__Exercise brief__
Could you retype the material, starting at its first line and ending with the line holding "表参道側外観夕景（LVホールとも写真：DAICI ANO）", and keep the pictures out?

__Records provided__
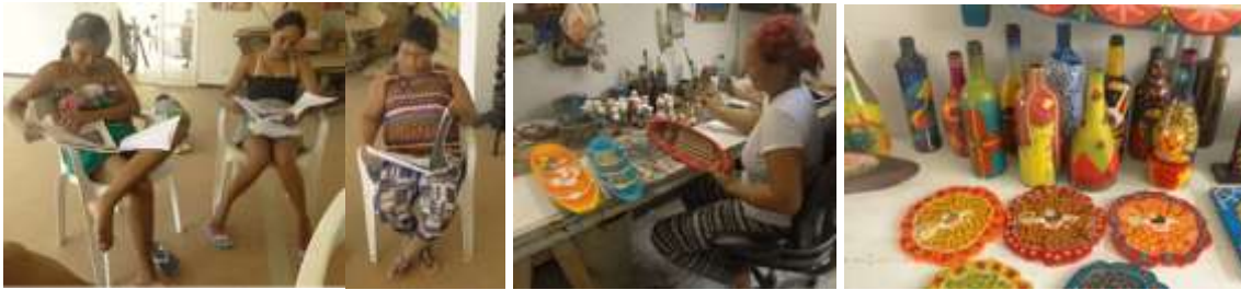
Taller y obras de artesanos, grupo Creer. Cerete. Enero de 2016.

Para el taller de Referentes se trabajó en grupo, presentando por cada participante una serie de referentes y haciendo luego un análisis de la relevancia de cada uno, trabajando también en el desarrollo de ideas generadas a partir de ellos, ligándolo al taller de línea y colección. La comunidad del casco urbano está comenzando nuestro acompañamiento y no se tenía experiencia similar en este grupo artesanal.
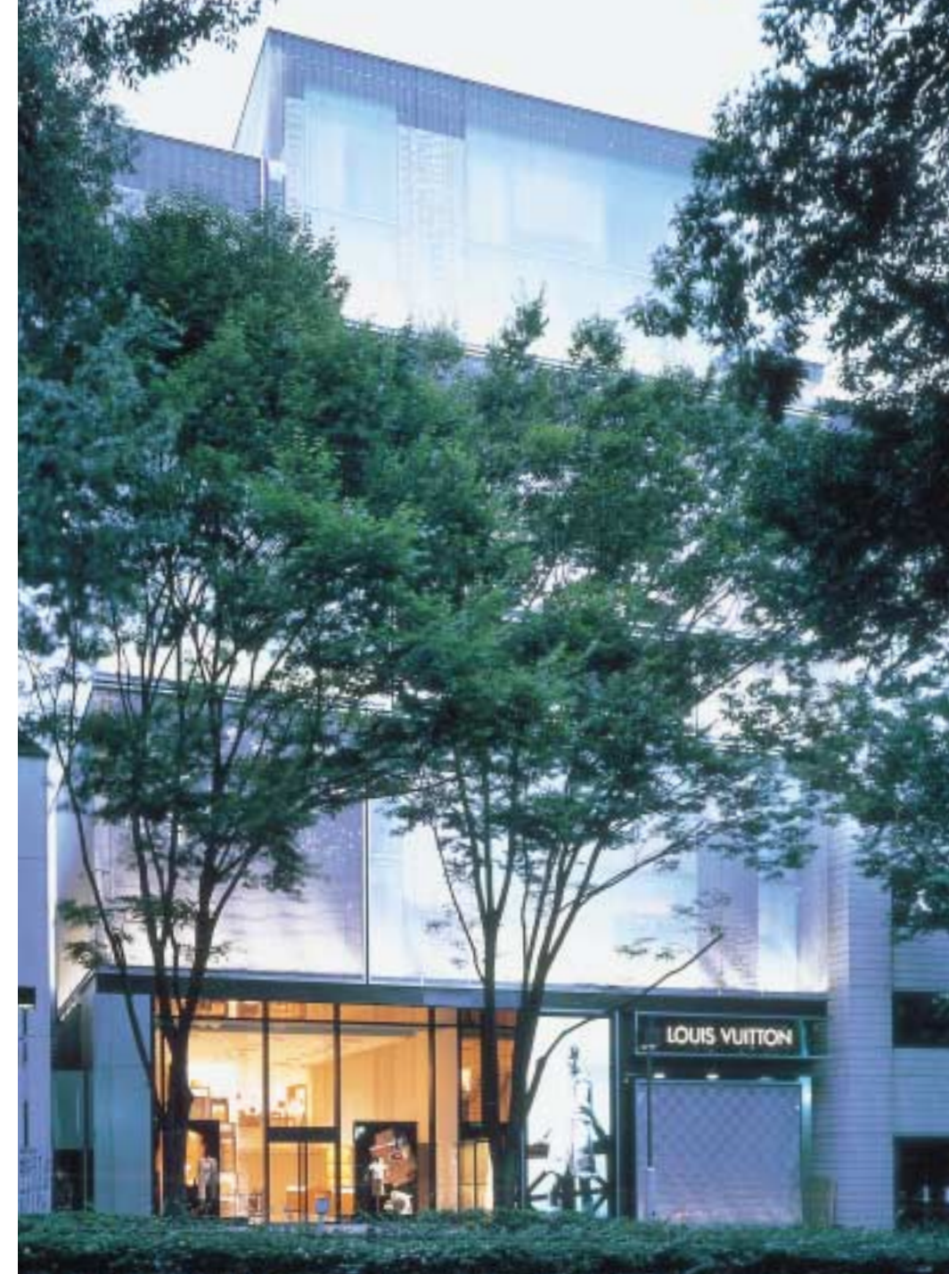
表参道側外観夕景（LVホールとも写真：DAICI ANO）

名称：ルイ・ヴィトン表参道 所在地：東京都渋谷区神宮前5-7-5 設計・監理：青木淳建築計画事務所（本体、外装、一部内装） 施工：清水建設 敷地面積：594.82m 2 建築面積：512.89m 2 延床面積：3,258.73m 2 規模：地下2階、地上8階 構造：S造、一部SRC造 工期：2001.4～2002.8
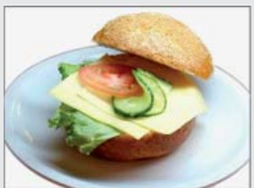
3. Ostfralla 19:- (17:-)
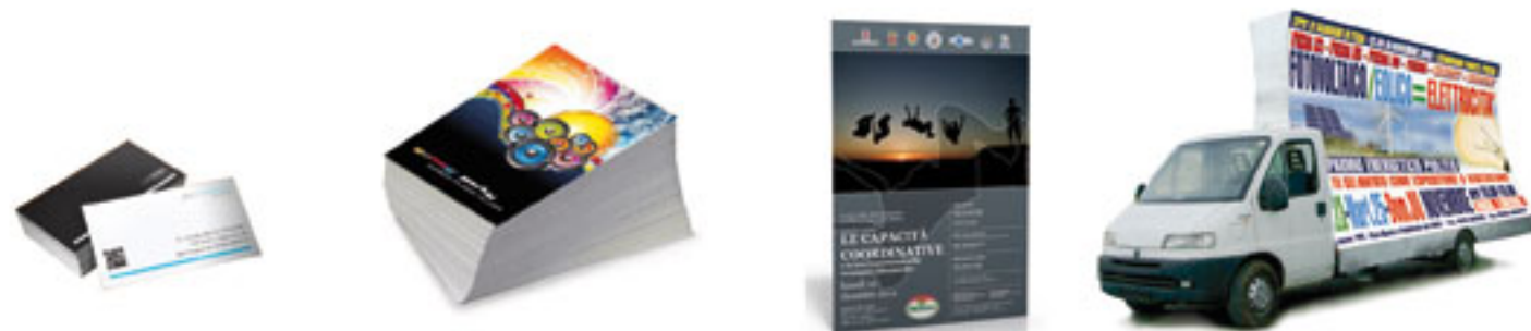
Biglietti da visita
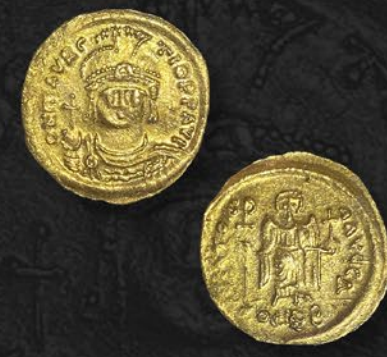
モーリス・ティベリウス金貨 ソリダス コンスタンチノーブル鑄 紀元 582~602 年頃 表：皇帝の肖像 裏：天使立像 税込 418,000 円

__Expected output__
Taller y obras de artesanos, grupo Creer. Cerete. Enero de 2016.

Para el taller de Referentes se trabajó en grupo, presentando por cada participante una serie de referentes y haciendo luego un análisis de la relevancia de cada uno, trabajando también en el desarrollo de ideas generadas a partir de ellos, ligándolo al taller de línea y colección. La comunidad del casco urbano está comenzando nuestro acompañamiento y no se tenía experiencia similar en este grupo artesanal.
表参道側外観夕景（LVホールとも写真：DAICI ANO）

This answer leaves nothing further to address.